Yet it’s premature to conclude that Apple has lost its capability to respond to this AI wave. Whether by design or not, Apple’s transition to unified memory architecture with the introduction of M-series chips has equipped its Mac lineup with remarkable capabilities for local model inference. Furthermore, with the recent Mac Studio capable of supporting up to 512GB of memory, Apple has firmly secured another foothold in this AI transformation.

While NVIDIA remains the preferred choice for model training and inference, Macs have attracted numerous users due to their high integration and energy efficiency. As more AI models become optimized for MLX, Mac performance in large-scale inference tasks is expected to improve further.

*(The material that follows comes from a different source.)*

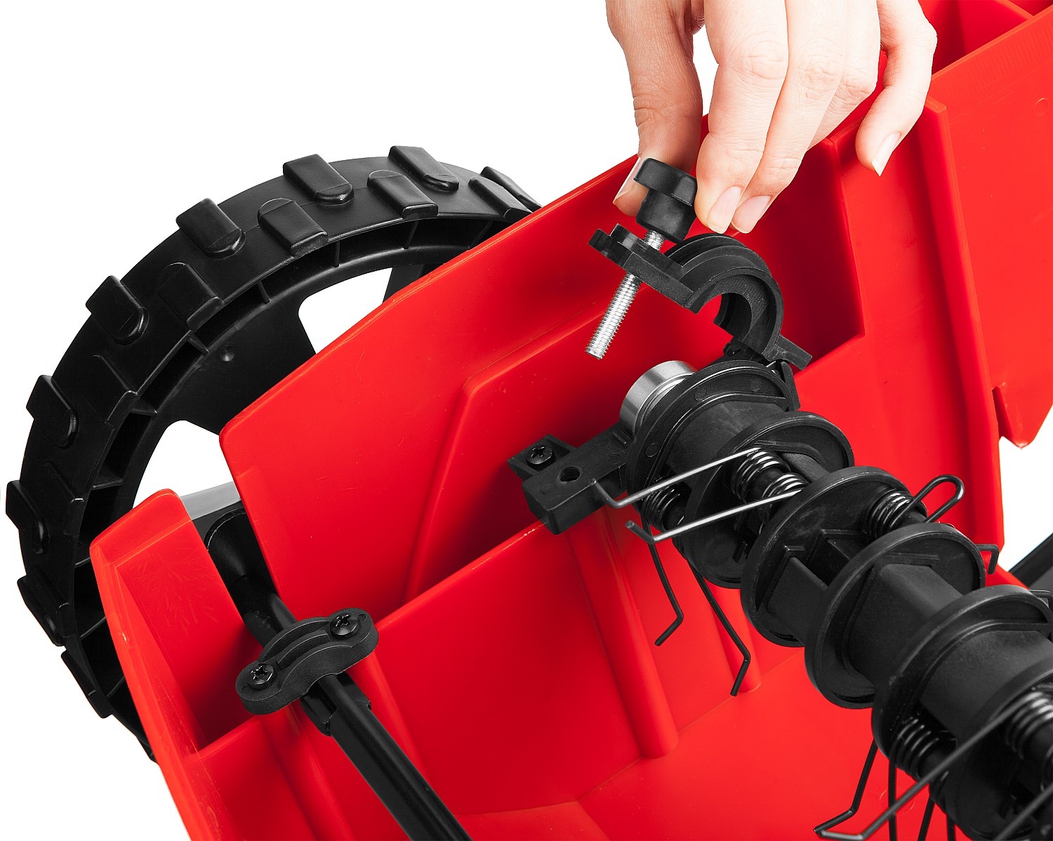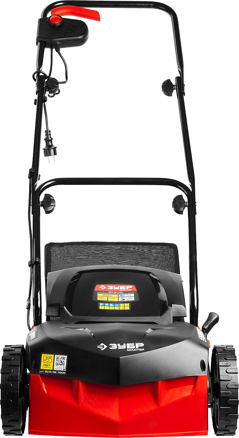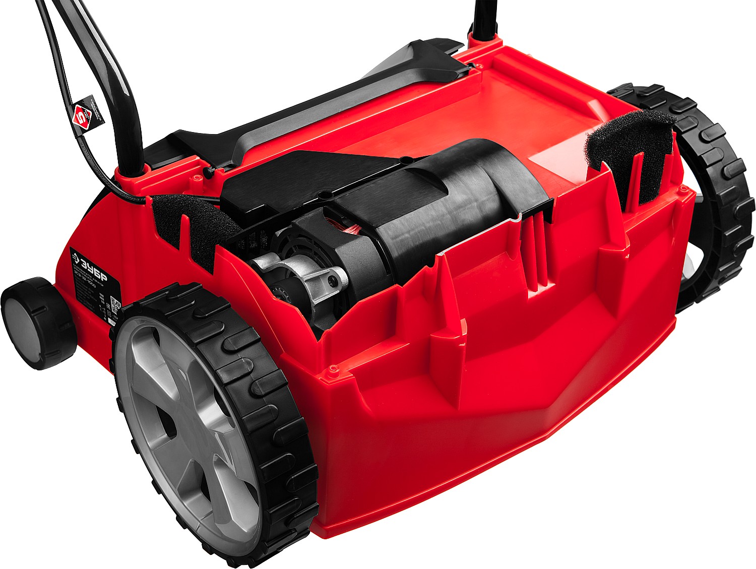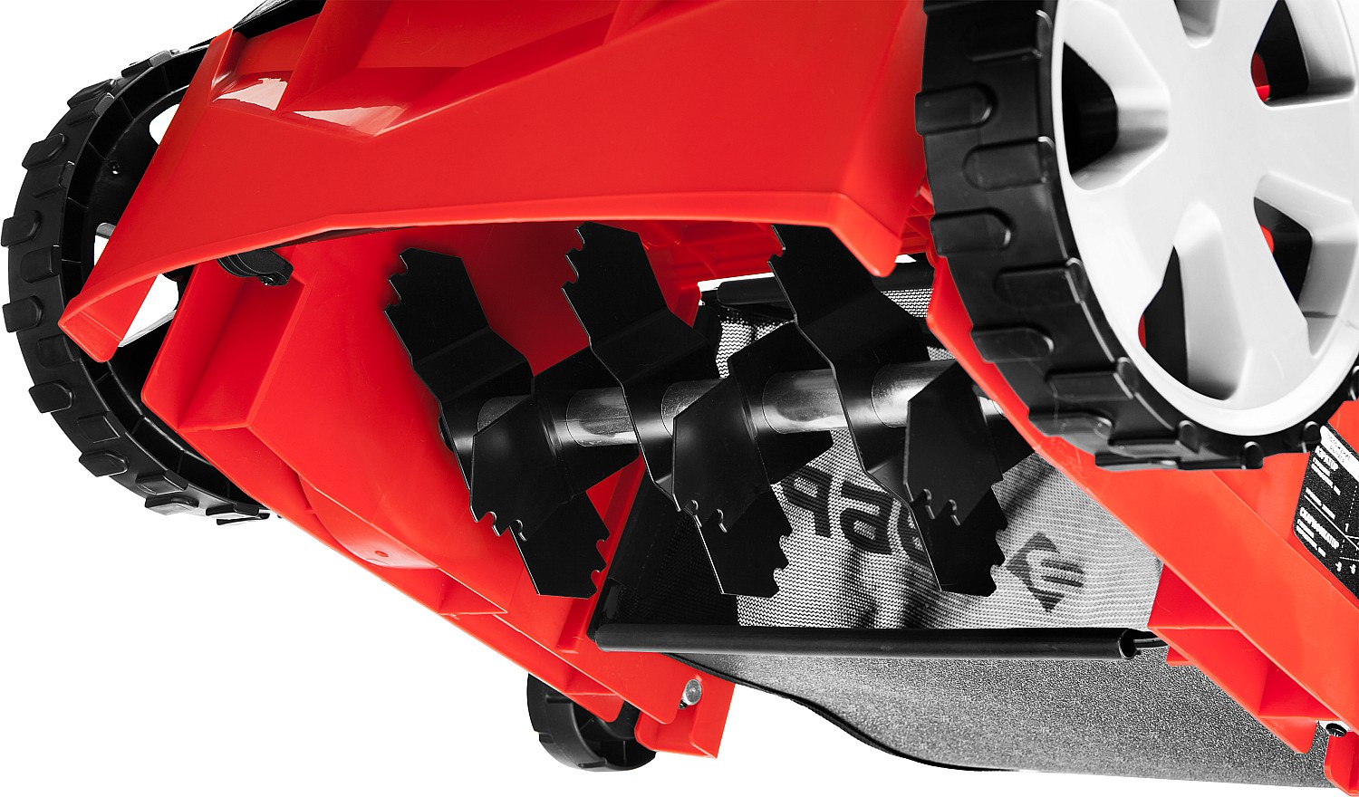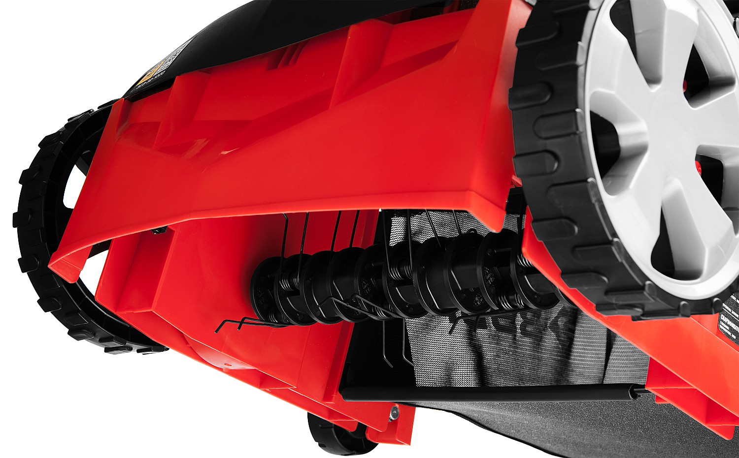 - Облегченные колеса большого диаметра и эргономичная рукоятка облегчают перемещение изделия по газону

Of course, these successes with Mac devices do not fully mitigate Apple’s slow response to large language models, but they highlight the inherent strength of diversified tech giants: when one strategy falters, another can thrive. Such strategic diversity provides resilience against rapidly shifting technological waves.

Do large models truly represent the future? Will companies that fail to keep up inevitably be left behind? Though I doubt it, the current media environment clearly pressures enterprises to deliver tangible results in AI development and applications. Thus, even companies with established AI roadmaps may find themselves forced to pivot due to shifting market dynamics and public sentiment.

Consequently, we can expect to see more “PowerPoint-style” visionary announcements, both recently and in coming years. Without setting expectations, the market becomes disappointed; setting expectations but failing to meet them creates further disappointment. This cycle of expectation and disappointment seems to have become the new normal in tech, particularly in the highly uncertain realm of AI.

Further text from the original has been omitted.